* Assignment
An exact copy of every entry is required, minus the pictures.

* Supplied records
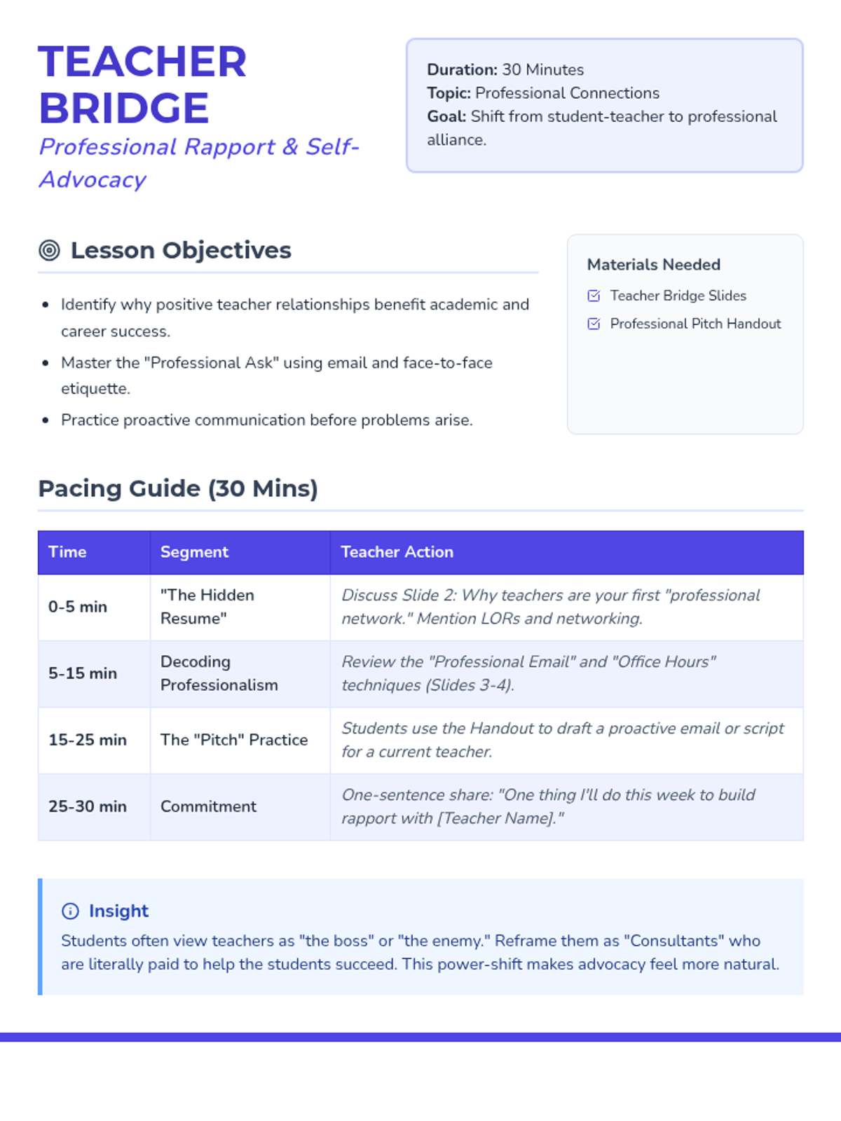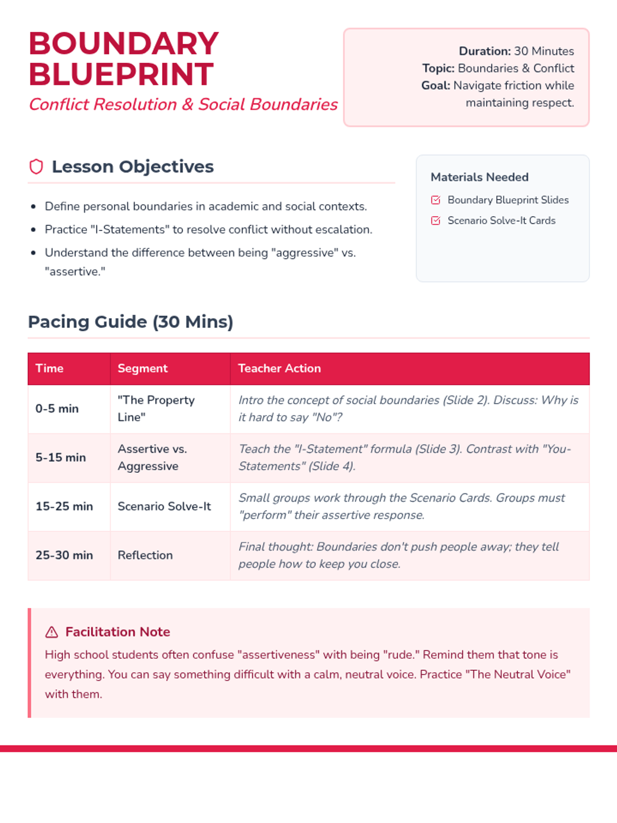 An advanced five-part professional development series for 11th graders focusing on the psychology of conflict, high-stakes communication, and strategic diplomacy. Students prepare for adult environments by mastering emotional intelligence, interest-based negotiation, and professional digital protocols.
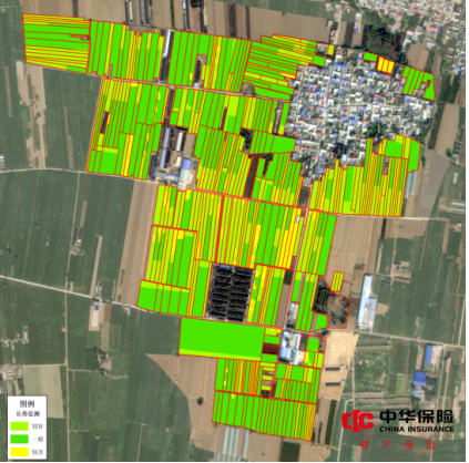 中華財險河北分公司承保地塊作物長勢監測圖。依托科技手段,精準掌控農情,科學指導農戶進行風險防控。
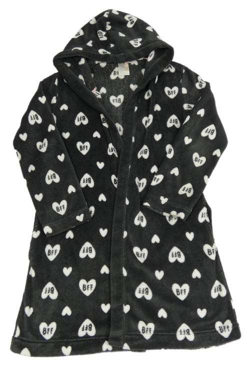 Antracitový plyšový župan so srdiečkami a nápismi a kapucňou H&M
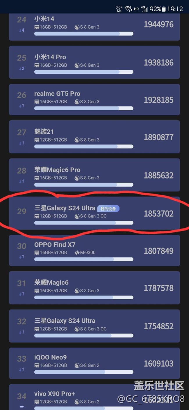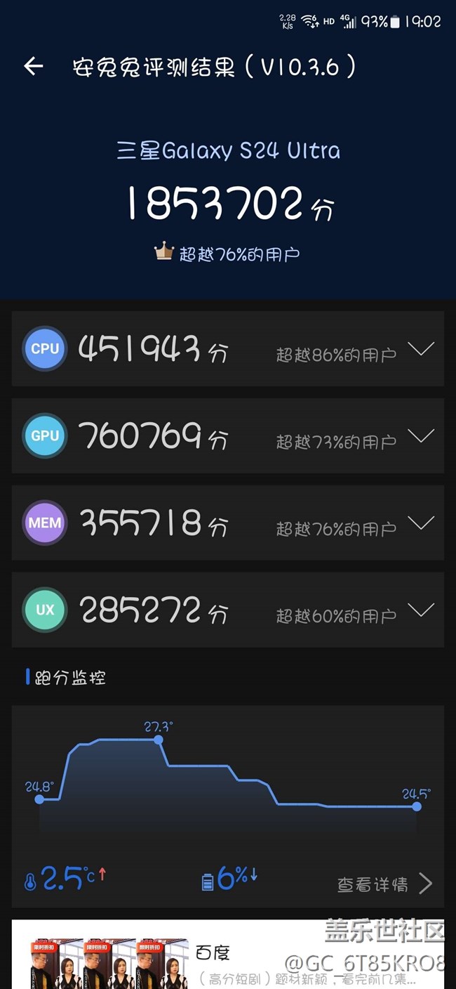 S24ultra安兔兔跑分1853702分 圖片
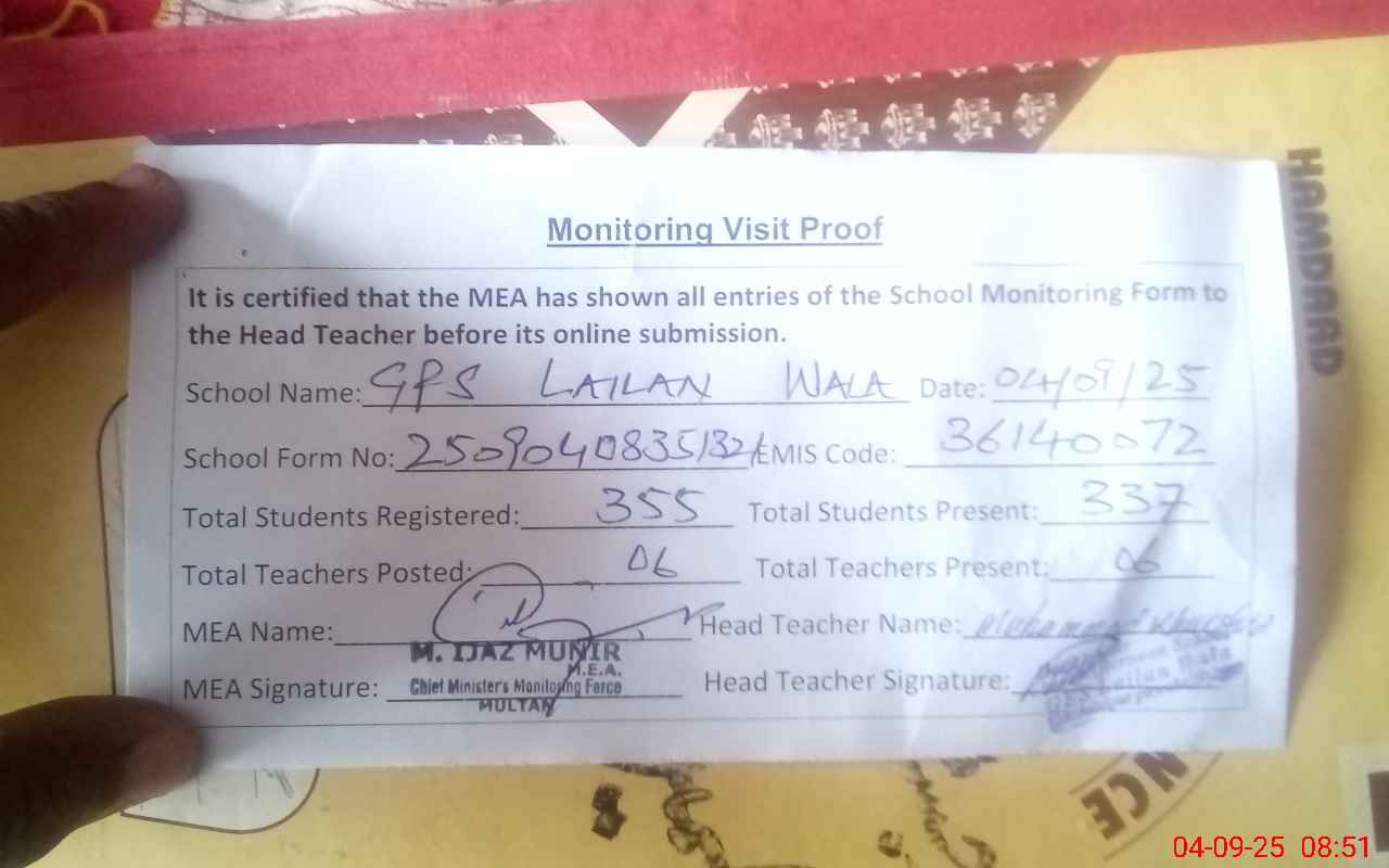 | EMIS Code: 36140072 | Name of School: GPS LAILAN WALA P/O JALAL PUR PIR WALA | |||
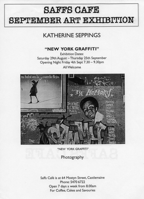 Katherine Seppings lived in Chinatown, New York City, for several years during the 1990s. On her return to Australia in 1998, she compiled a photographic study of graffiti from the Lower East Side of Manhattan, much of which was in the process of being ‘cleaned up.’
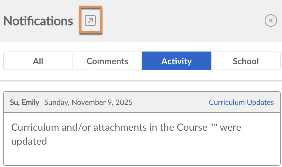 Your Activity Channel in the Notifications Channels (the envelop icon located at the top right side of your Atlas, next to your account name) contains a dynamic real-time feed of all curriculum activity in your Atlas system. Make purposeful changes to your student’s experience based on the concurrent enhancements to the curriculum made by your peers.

* Solution to this problem
 An advanced five-part professional development series for 11th graders focusing on the psychology of conflict, high-stakes communication, and strategic diplomacy. Students prepare for adult environments by mastering emotional intelligence, interest-based negotiation, and professional digital protocols.
 中華財險河北分公司承保地塊作物長勢監測圖。依托科技手段,精準掌控農情,科學指導農戶進行風險防控。
 Antracitový plyšový župan so srdiečkami a nápismi a kapucňou H&M
 S24ultra安兔兔跑分1853702分 圖片
 | EMIS Code: 36140072 | Name of School: GPS LAILAN WALA P/O JALAL PUR PIR WALA | |||
 Katherine Seppings lived in Chinatown, New York City, for several years during the 1990s. On her return to Australia in 1998, she compiled a photographic study of graffiti from the Lower East Side of Manhattan, much of which was in the process of being ‘cleaned up.’
 Your Activity Channel in the Notifications Channels (the envelop icon located at the top right side of your Atlas, next to your account name) contains a dynamic real-time feed of all curriculum activity in your Atlas system. Make purposeful changes to your student’s experience based on the concurrent enhancements to the curriculum made by your peers.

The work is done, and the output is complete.